In August, the Trump administration reversed course on Nvidia’s H20 AI chips, lifting previous restrictions under a 15 percent revenue-share condition, and is now considering allowing exports of a slightly downgraded version of Nvidia’s Blackwell — America’s most advanced AI chip. Proponents argue it will keep Chinese developers “addicted to the American technology stack” because Nvidia’s technology is hard to replace or replicate. The evidence suggests otherwise: in the long term, selling U.S. AI chips to China is unlikely to create lasting dependencies on the American tech ecosystem.
At the heart of the “addiction” theory lies the belief that using American chips creates vendor lock-in, compelling foreign AI developers to remain within U.S. tech platforms and to keep buying American chips. These arguments have some merit. Nvidia’s proprietary networking equipment and stack strongly incentivizes engineers to stay within its ecosystem, having refined its CUDA software platform over nearly two decades into a “strategic moat.” With its vast libraries of pre-written code and supporting tools, CUDA allows developers to leverage the parallel computing capabilities of Nvidia chips. When AI companies build on and develop expertise in Nvidia’s hardware and software ecosystems, it creates a degree of path dependence. This lock-in makes it more likely that each additional dollar of AI investment flows to and strengthens the American — rather than Chinese — AI ecosystem, reinforcing the U.S. lead. Proponents use this argument to justify selling AI chips to China: get the country’s tech sector “hooked” on Nvidia to capture greater market share and redirect Chinese investment toward U.S. AI innovation.
But making China dependent on U.S. technology is not that straightforward. AI chips are more akin to generators than utility companies. Generators are necessary to produce power, but once the generator is running, the manufacturer does not control what is powered with it. Generators can be swapped out for others, combined with local power sources, or integrated into hybrid energy systems. Unlike a utility company that maintains persistent control over electricity supply and pricing, chips are a one-off input — value-neutral hardware that runs whatever code developers choose. Developers may use CUDA today, but they can layer domestic software and tools on American hardware tomorrow. They can gradually integrate these systems with local infrastructure as their domestic ecosystem matures. Beijing has a well-funded national strategy to indigenize chip production, and access to U.S. chips will not meaningfully diminish these efforts. Rather than creating lasting dependence, exporting U.S. chips will simply expedite China’s AI progress as it scales its indigenous chip manufacturing capacity.

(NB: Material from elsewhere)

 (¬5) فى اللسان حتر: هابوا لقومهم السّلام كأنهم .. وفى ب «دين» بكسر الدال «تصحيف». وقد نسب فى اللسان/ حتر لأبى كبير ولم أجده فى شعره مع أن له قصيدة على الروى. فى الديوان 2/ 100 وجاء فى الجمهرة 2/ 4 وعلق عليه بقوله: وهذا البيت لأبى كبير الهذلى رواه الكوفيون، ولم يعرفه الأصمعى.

The United States’ own AI labs show that reducing reliance on Nvidia’s proprietary ecosystem is not only possible, but already happening. Anthropic originally relied on Nvidia graphics processing units (GPUs) to train its flagship model, Claude, but it has since shifted most of its computing needs to other ecosystems. Today, Anthropic optimizes for training on AWS’s Trainium hardware, while also using a mix of Google tensor processing units (TPUs) and Nvidia GPUs. Google DeepMind followed a similar trajectory. The company once depended on Nvidia GPUs for early breakthroughs, but it has since moved beyond CUDA and now trains its capable Gemini models on Google TPUs. Both shifts highlight a crucial lesson: Nvidia’s chips are less of an addiction than a gateway drug. There is clear proof that the Nvidia moat is surmountable. If U.S. AI labs with no political mandate to leave the Nvidia stack can accomplish this transition, then Chinese labs facing clear national incentives can likely do the same.

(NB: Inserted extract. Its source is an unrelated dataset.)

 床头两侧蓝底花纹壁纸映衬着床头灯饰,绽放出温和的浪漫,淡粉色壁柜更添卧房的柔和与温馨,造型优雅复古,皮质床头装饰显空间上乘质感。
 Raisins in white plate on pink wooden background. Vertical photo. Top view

Switching costs are a significant, but surmountable, engineering challenge that Chinese developers are already planning for. Beijing has signaled that reliance on American AI chips is risky through energy efficiency rules that discourage the use of certain U.S. chips, along with public warnings about their security risks. Similarly, U.S. export controls have already undercut the Chinese AI industry’s perception of U.S. firms as trusted suppliers. Chinese firms will act accordingly to avoid long-term lock-in through investment in indigenization and diversification.

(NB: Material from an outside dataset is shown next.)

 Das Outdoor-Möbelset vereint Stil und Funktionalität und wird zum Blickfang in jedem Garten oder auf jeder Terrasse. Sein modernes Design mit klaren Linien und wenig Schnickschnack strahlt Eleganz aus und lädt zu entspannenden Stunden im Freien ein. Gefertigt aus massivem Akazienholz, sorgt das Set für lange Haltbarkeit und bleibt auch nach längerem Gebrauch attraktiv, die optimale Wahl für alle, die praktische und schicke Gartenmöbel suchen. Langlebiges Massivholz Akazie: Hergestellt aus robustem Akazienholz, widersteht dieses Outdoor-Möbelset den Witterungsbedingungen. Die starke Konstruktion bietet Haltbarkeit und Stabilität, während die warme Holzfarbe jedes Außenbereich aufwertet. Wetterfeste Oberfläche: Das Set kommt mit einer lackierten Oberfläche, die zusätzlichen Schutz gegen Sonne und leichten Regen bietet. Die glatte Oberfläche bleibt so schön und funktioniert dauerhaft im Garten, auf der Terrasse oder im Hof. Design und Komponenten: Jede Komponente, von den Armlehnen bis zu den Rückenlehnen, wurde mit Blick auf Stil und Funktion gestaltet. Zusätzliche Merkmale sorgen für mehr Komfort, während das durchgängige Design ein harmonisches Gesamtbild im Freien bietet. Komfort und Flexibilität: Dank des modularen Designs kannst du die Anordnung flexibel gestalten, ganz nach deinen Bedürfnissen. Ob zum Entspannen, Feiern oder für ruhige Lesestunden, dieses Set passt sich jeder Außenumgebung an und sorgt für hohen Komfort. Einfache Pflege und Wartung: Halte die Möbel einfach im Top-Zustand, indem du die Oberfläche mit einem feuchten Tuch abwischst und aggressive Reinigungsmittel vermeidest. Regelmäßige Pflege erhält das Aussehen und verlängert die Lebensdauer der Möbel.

These shifts are already underway. DeepSeek, one of China’s top AI developers, is both dependent on U.S. chips for AI training and adapting its software and processes to deploy its models on Chinese AI chips. Likewise, Huawei is investing in technology to make CUDA work with non-Nvidia chips. These challenges will not be overcome overnight – China will face setbacks along the way. But once refined, hardware-agnostic platforms have the potential to harness the power of American and Chinese chips alike, overcoming software moats. These efforts are not afterthoughts; they align with China’s national strategy and chip investment fund, and guard against volatile U.S. export controls.
U.S. policy should not rest on the illusion that selling chips can trap China inside the American tech ecosystem. That advantage is fleeting. What ultimately matters is how much computing power China can marshal. If Washington wants lasting leverage, it should look higher up the stack — renting cloud-based compute, or exporting American AI models and applications — services that generate revenue while retaining influence. Selling chips alone will not create a lasting “addiction,” but it will provide China with the building blocks for AI competitiveness.